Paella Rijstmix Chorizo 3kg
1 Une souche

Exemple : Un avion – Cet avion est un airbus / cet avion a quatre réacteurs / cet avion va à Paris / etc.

* * *

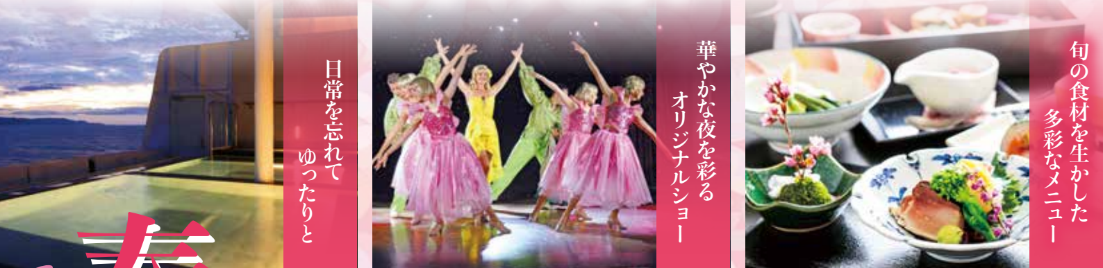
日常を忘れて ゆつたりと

■ Instructions to follow ■
Word for word, restate the lines of the listing above starting at the line with "Paella Rijstmix Chorizo 3kg" and ending at the line with "Exemple : Un", and nothing outside them.

■ Solution to this exercise ■
Paella Rijstmix Chorizo 3kg
1 Une souche

Exemple : Un avion – Cet avion est un airbus / cet avion a quatre réacteurs / cet avion va à Paris / etc.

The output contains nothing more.